Glen Haven and Sleeping Bear Dunes National Lakeshore
The small historical village of Glen Haven offers a trip back to a time when steamers plowed the Great Lakes. Listed on the National Register of Historic Places, visitors can visit a fully restored general store, a blacksmith shop, and the Cannery Boat Museum.
As Glen Haven sits within the Sleeping Bear Dunes National Lakeshore, it’s also convenient for accessing the area’s unspoiled natural beauty. One of the best things to do in Southern Michigan can be enjoyed here: climbing the huge, scalable dunes that rise up to 450 feet above the lake. Other options include cycling along the shoreline, hiking countless trails, viewing lighthouses, kayaking, swimming, and kayaking.
While Mackinac Island is well-known to Michiganders, not many are aware that it was the country’s second national park. That might be because it only existed as a national park for 20 years between 1875 and 1895 when it was transferred to the state, becoming Michigan’s first state park. Accessible by ferry, departing from Mackinaw City or St. Ignace, it’s the perfect spot to destress and slow down, enjoying the simple pleasures of life.
The island hosts the Grand Hotel, which overlooks the water from the world’s longest front porch that was featured in the romantic 1980 film “Somewhere in Time.” Even if you don’t stay here, you can relax on the porch and enjoy the picturesque views. One of the most popular things to do is to explore Mackinac on two wheels as there are no cars allowed here, making it especially enjoyable. Horse-drawn carriage rides offer a romantic way to explore, while a variety of other activities, including hiking over 70 trails, can be enjoyed, too.
Located on the western shoreline of Lake Michigan, Saugatuck is one of the most charming towns in the state, filled with striking natural beauty and enticing attractions.
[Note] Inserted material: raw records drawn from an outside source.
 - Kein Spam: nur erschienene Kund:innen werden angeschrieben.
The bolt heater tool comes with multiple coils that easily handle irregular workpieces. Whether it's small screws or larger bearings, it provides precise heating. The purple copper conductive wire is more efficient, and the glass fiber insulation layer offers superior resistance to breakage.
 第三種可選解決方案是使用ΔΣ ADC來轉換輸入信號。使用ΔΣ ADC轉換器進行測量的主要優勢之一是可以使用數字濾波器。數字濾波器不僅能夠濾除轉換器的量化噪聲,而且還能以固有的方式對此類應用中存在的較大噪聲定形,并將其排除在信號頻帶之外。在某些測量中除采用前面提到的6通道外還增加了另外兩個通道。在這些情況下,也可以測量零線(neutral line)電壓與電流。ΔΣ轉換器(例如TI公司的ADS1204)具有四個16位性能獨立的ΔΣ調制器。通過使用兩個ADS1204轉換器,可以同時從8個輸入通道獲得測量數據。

Those seeking an adrenaline-pumping adventure can embark on a thrilling, high-speed buggy ride across the sand dunes via Saugatuck Dune Rides.
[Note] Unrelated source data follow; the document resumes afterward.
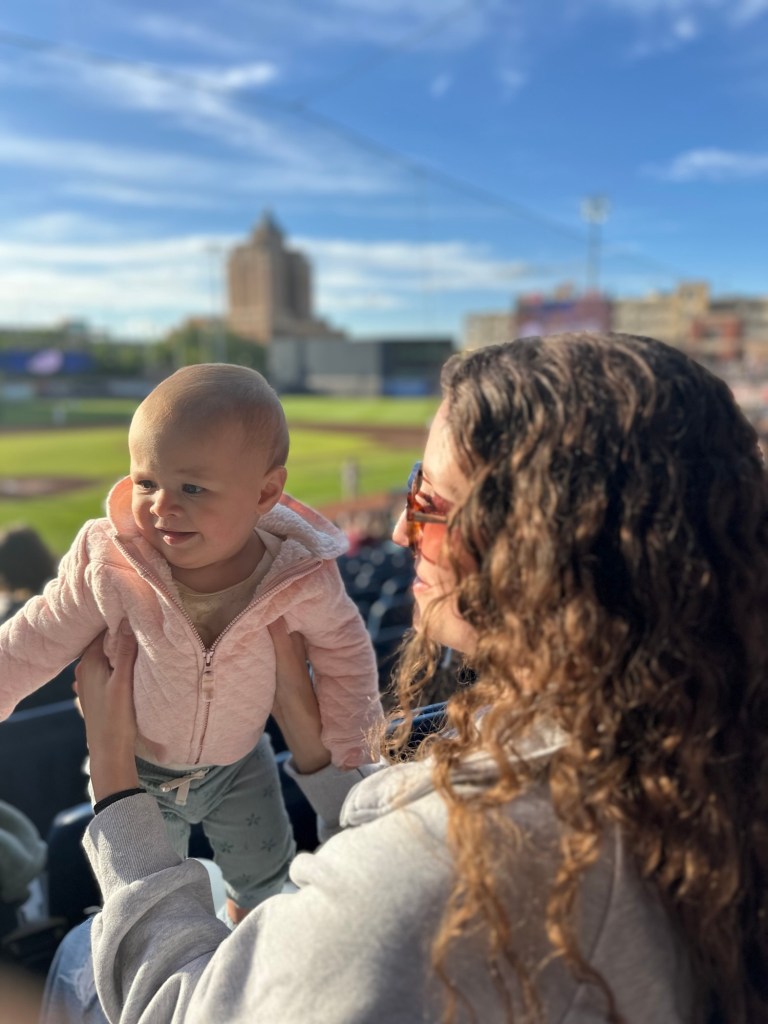 As long as she’s had decent naps and she’s a happy girl, we go to the games. Yes, I sometimes get in my head about how late it’s getting or how long her wake window has been—but then we balance. We listen to our intuition, not the Instagram moms selling baby sleep courses.
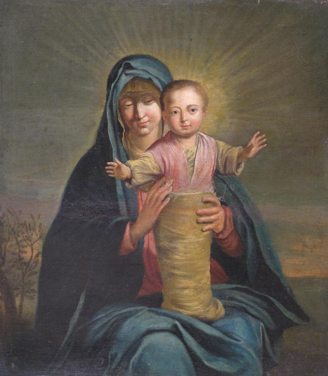 Follower of Giovanni Battista Salvi (Il Sassoferrato) Madonna and child Oil on panel 35 x 30.5cm; 13¾ x 12in
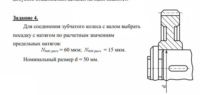 Показать, как изменятся характеристики посадки при изменении допусков соединяемых деталей на один квалитет. Задание 4. Для соединения зубчатого колеса с валом выбрать посадку с натягом по расчетным значениям предельных натягов: Nmax расч = 60 мкм; Nmin расч = 15 мкм. Номинальный размер d = 50 мм..
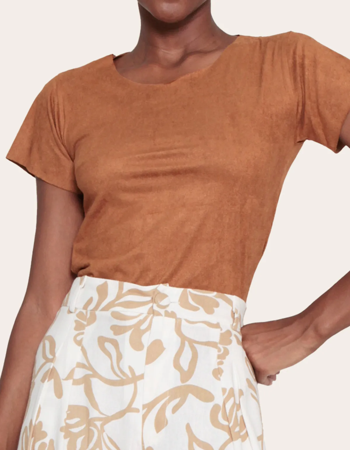 Apresentamos a nova blusa em suede, a favorita da temporada, que une praticidade, sofisticação e conforto. com gola redonda clássica, modelagem reta e mangas curtas, oferece versatilidade para várias ocasiões. seus acabamentos corte a fio trazem modernidade, enquanto o toque macio do suede adiciona luxo. uma peça única para looks que combinam elegância e descontração, perfeita tanto para compromissos casuais quanto eventos refinados.
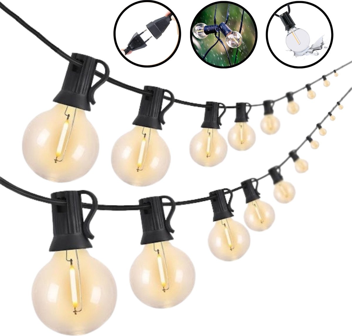 - Lange levensduur: dankzij het gebruik van hoogwaardige materialen, gaan buitenlichtsnoeren lang mee. Je investeert dus in een product dat je tuin voor vele jaren van sfeer voorziet.

Old-school hand-cranked rides on the Saugatuck Chain Ferry will bring you across the Kalamazoo River to Mount Baldhead Park and Oval Beach, one of the most idyllic beaches in the region. Visitors can also head to the top of Mount Baldhead for one of the best bird’s-eye views around. in the artsy town itself, historic buildings house many galleries, shops, cafes, and other eateries.
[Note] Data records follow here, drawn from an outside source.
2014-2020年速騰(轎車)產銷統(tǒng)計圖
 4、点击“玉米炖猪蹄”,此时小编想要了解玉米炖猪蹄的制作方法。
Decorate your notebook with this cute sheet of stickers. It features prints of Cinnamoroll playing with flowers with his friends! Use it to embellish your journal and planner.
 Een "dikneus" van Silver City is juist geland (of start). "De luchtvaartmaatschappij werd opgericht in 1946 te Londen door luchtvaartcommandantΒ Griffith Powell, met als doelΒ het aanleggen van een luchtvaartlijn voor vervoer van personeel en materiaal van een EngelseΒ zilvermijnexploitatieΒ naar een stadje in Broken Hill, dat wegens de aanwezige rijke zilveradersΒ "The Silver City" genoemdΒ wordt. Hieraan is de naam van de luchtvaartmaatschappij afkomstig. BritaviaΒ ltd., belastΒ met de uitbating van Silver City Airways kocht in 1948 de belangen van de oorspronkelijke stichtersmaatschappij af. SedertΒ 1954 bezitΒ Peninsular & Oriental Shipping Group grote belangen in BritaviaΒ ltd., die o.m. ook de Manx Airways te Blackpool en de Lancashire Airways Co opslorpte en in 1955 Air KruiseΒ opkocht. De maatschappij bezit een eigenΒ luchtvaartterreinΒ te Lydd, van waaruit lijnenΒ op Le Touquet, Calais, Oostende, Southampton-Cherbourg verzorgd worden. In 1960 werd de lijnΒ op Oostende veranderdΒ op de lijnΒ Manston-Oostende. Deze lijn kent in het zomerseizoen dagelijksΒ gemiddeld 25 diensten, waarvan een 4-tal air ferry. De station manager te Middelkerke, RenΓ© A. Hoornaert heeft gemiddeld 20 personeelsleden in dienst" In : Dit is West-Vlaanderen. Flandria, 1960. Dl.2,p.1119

If you like tulips, you don’t have to travel all the way to the Netherlands as millions of the flowers await in Holland, Michigan. This town offers Dutch culture right in the U.S. and the opportunity to see an endless landscape of colorful blooms in May when the Tulip Time Festival takes place. There are many other things to do throughout the year, including learning about the town’s history at the Holland Museum and visiting Windmill Island, which hosts a traditional old windmill. Downtown is photogenic with many historic buildings, sculptures, and statues, as well as offering a myriad of eateries for sampling authentic Dutch dishes.